I am too going for the SGIII with my second line upgrade! I will passing the bolt on to the wife with MIUI installed.

Sent from my HTC Mecha using Tapatalk 2


----------



## CC268 (Jun 27, 2011)

I don't have an upgrade till February of 2013 -.- so maybe an amazing phone will be out by then

Galaxy III looks amazing though


----------



## nativi (Jul 23, 2011)

I got a bionic as a replacement for my Thunderbolt. The bionic is nice but the Development is pretty dead and the screen is not better then the Bolt. Then my wife dropped her Bolt and next thing you know fathers day came early for me and I got a GNex and she got my Bionic. How awesome is she? Too awesome. Got it with the extended battery screen protector, case and the Verizon cheap car dock for $270

Sent from my Galaxy Nexus using Tapatalk 2


----------



## quickdraw86 (Jan 30, 2012)

theMichael said:


> And I'm back, gnex was just not my cup of tea. found the screen to be less than stellar. battery life was worse than my thunderbolt and i had this strange issue where if you charged the phone while off you would have to pull the battery and put it back in before it would start.

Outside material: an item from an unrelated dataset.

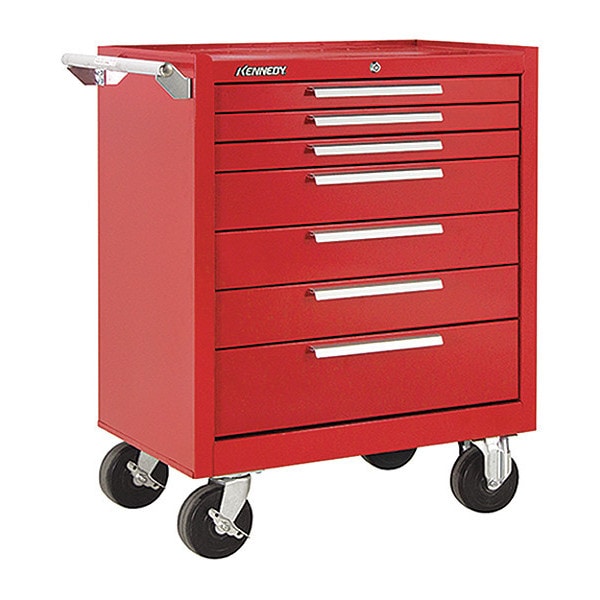Rolling Tool Cabinet, 7 Drawer, Red, 27 in W x 18 in D x 35 in H
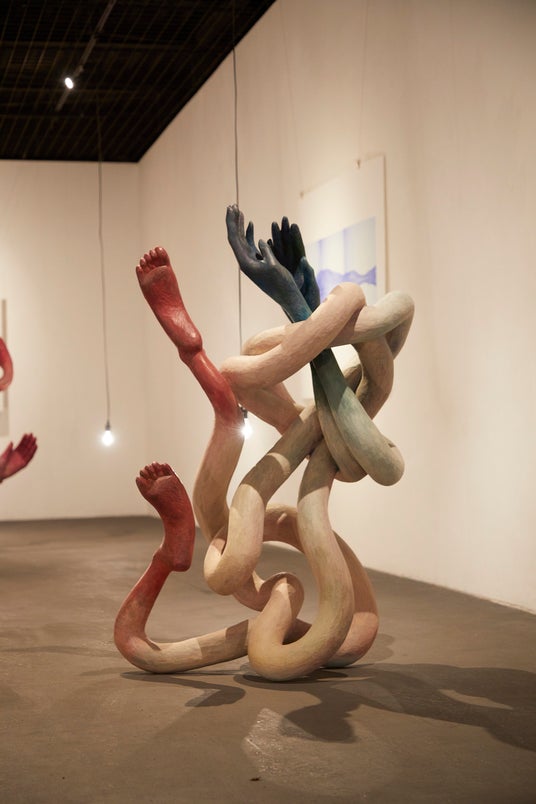増田麻由の作品に共通する「重力から解放された手足が伸びる造形」「手足が捻れる造形」の原点は、バレエやジャズダンスの表現にあります。現代社会を生きることの違和感と、それによって沸き起こった心の声を、あるときはのびやかに、あるときは不自由に絡み合う手足によって、作品は私たちに豊かな表情を見せてくれます。本展では、増田が今回注目した ’素敵’ という概念を軸に、彫刻3体のほか小作品も含めて展示します。増田にとって ’素敵’ とは、ありのままの状態でいるときに日々揺れ動く私たちの中に存在するものでありながら、捉えどころのない概念と考えています。その心象風景を木彫の柔らかな曲線によって表しています。

Same here. The Nexus is cheaply made, bug ridden, and the super amoled screen is grossly overrated and a battery destroyer imho. I only had random reboot once, but it was on stock. Glad I didn't get rid of my bolt! Welcome back!

Sent from a highly tweaked and personalized Thunderbolt 4G!


----------



## nativi (Jul 23, 2011)

I love my GNex. Best phone I ever had. But it could use some help with data connection at my work.

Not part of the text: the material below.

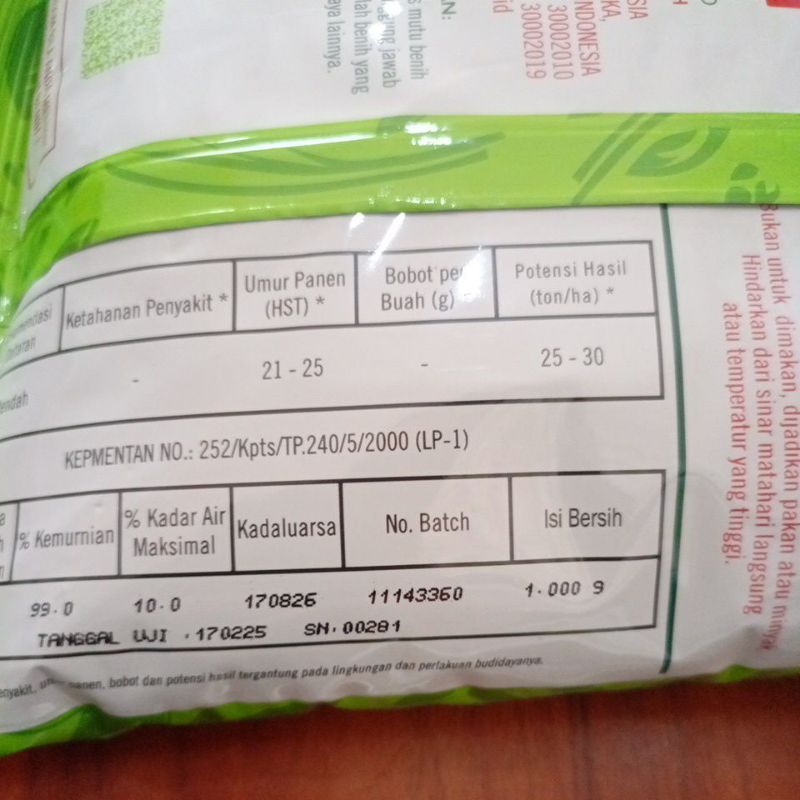 Benih 1 Kg Kangkung Bangkok LP F1 Cap Panah Merah

Sent from my Galaxy Nexus using Tapatalk 2


----------



## Droidx0351 (Jun 17, 2011)

I think development for all the devices are dead at the moment.

Sent from my ADR6400L using Tapatalk 2


----------



## yarly (Jun 22, 2011)

Droidx0351 said:


> I think development for all the devices are dead at the moment.
> 
> Sent from my ADR6400L using Tapatalk 2


Except the Nexus.

Development for HTC devices though is pretty dead.


----------



## JDroleskey (Dec 3, 2011)

I jumped ship today for a rezound. 270$ for a like-new rezound with all the accessories was too good to pass up. I could sell the beats headphones for 50$ and probably my Bolt for $100 (it's has a LOT of battle scars







). Can't wait till it arrives on the 8th.


----------



## bradg24 (Jul 11, 2011)

Droidx0351 said:


> I think development for all the devices are dead at the moment.
> 
> Sent from my ADR6400L using Tapatalk 2


Sorry to thread jump but the droid x development is far from dead.. with Aokp, gummy, b00stedICS, miuiv4, Black Ice Kangerade, and cm9.. those are just for ICS alone. So the development of phones are far from dead.. 
Edit oh yea and this on a locked boot loader..

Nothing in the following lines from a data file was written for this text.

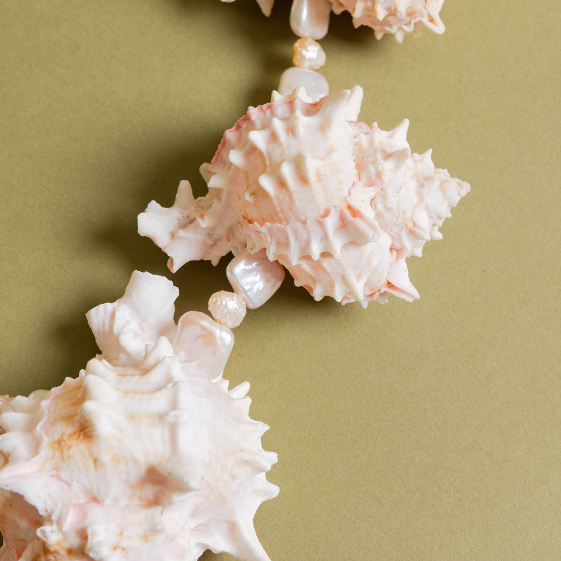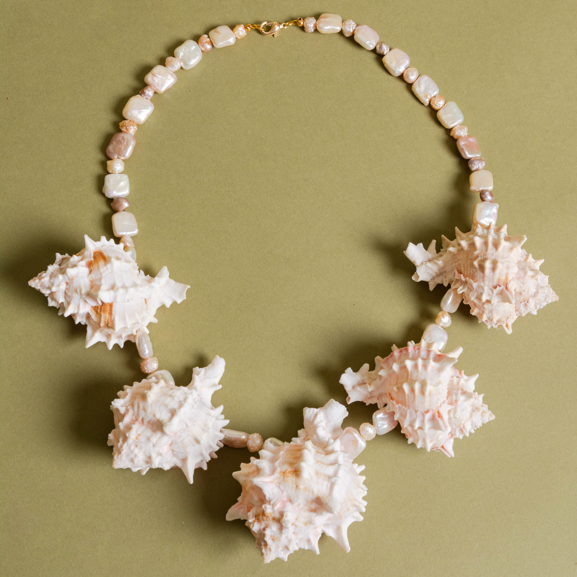 Straight from the sea. This necklace features a natural Bursa shells and fresh water pearls that adds effortless texture and beachy charm to any outfit.
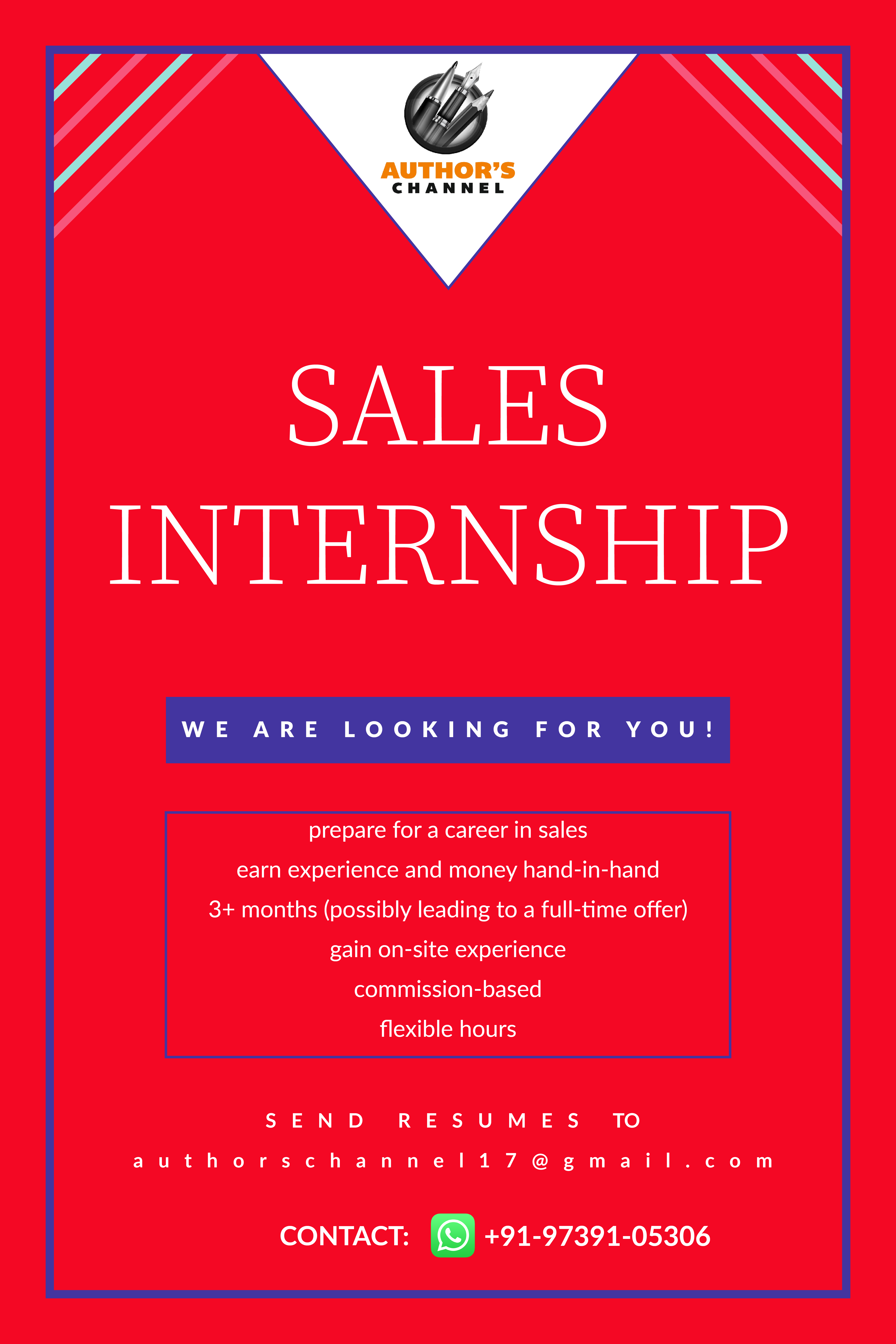 The intern will train under experienced sales associates to procure purchase orders for books published by Author's Channel. This is a three-month long internship, which can result in a full-time offer based on performance metrics.
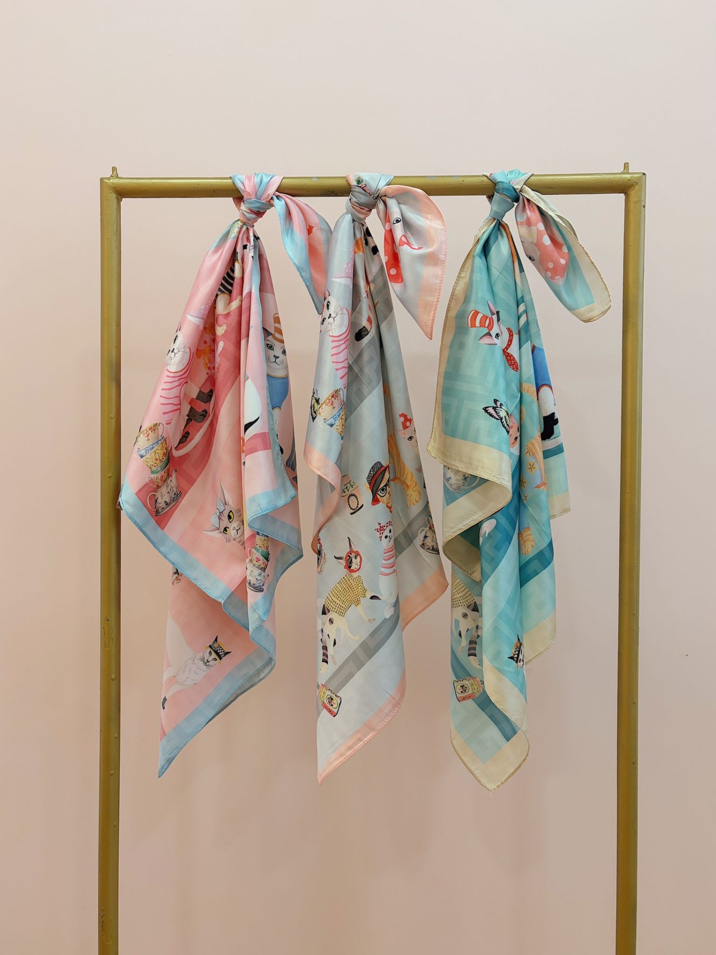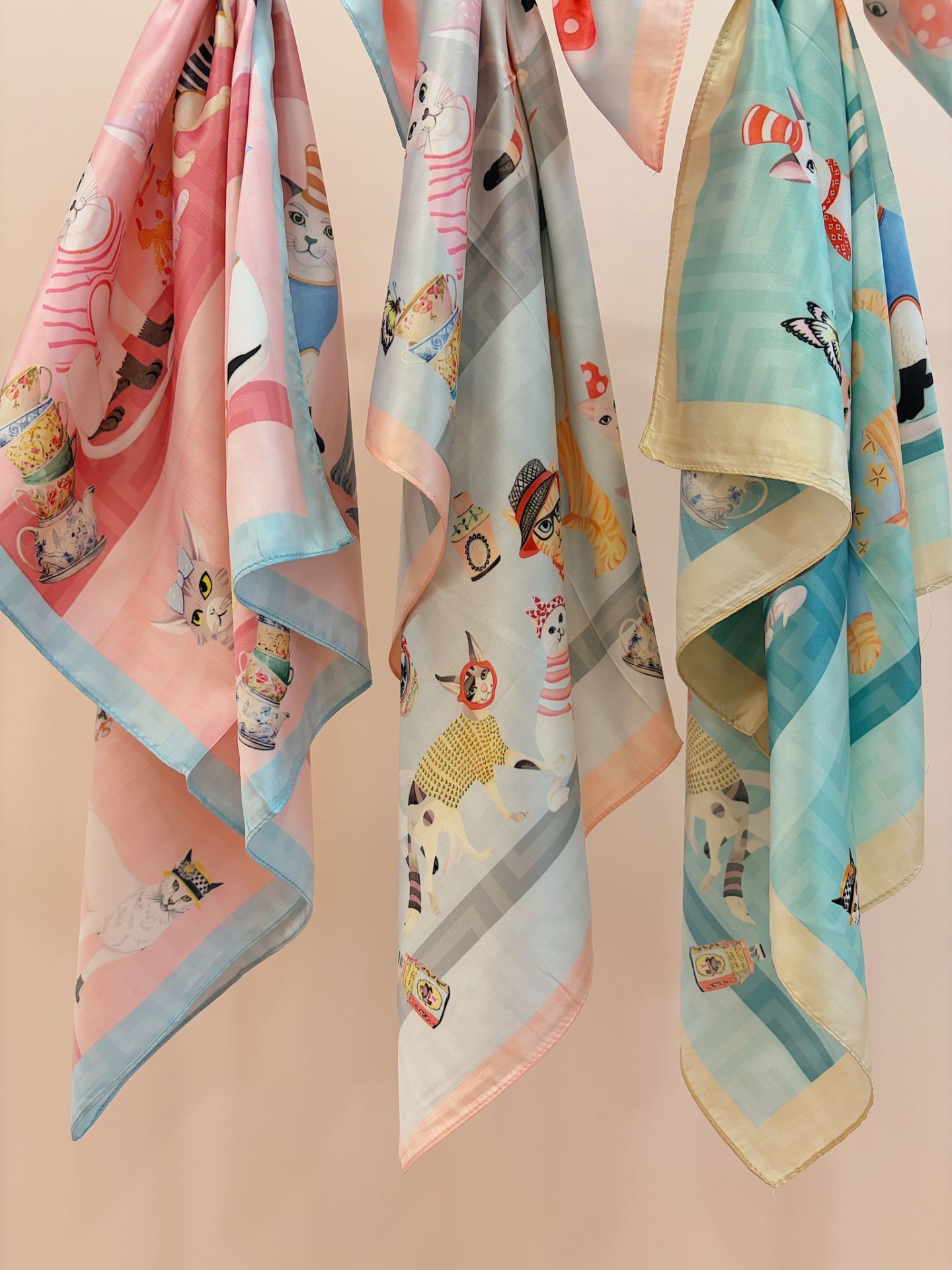 Lenço sedoso, quadrado, com padrão colorido e original com gatinhos divertidos.
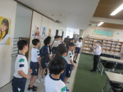 避難訓練を実施しました。今回は、休み時間に火災発生の想定で行いました。子どもたちは、遊んでいた場所で放送の指示を聞き、素早く避難することができました。消防署の方から命を守ることについてのお話をお聞きした後、水消火器体験やスモーク体験をしました。新しい消防車を近くで見せていただくこともできました。

Sent from my DROIDX using RootzWiki


----------



## Texas_T-Bolt (Sep 25, 2011)

I see that they lunch the new HTC Droid Incredible 4G LTE but not sure when it will be available to Verizon. I like the look and it have ICS 4.0.3 along with sense built-in. Looks people pretty snappy  but I still would go for the GNEX when my upgrade is up next month but for sure it would be a big decision on 3 phones GS3, Gnexus or the Incredible 4g LTE... gonna be one tough ride on that 

Thundershed


----------



## nativi (Jul 23, 2011)

Blame the Galaxy Nexus. Development for it is awesome.

Sent from my Galaxy Nexus using Tapatalk 2


----------



## tm24fan8 (Aug 1, 2011)

bradg24 said:


> Sorry to thread jump but the droid x development is far from dead.. with Aokp, gummy, b00stedICS, miuiv4, Black Ice Kangerade, and cm9.. those are just for ICS alone. So the development of phones are far from dead..
> Edit oh yea and this on a locked boot loader..
> 
> Sent from my DROIDX using RootzWiki


What this guy said. I love my Tbolt, but also have my fiancee's old inactive DroidX that I play around with on WiFi, some interesting stuff they manage to do with that phone. I would definitely be far from saying development is dead on either of these phones...the DX is insane especially for its age, and the Bolt is just taking a break until the ICS firestorm arrives.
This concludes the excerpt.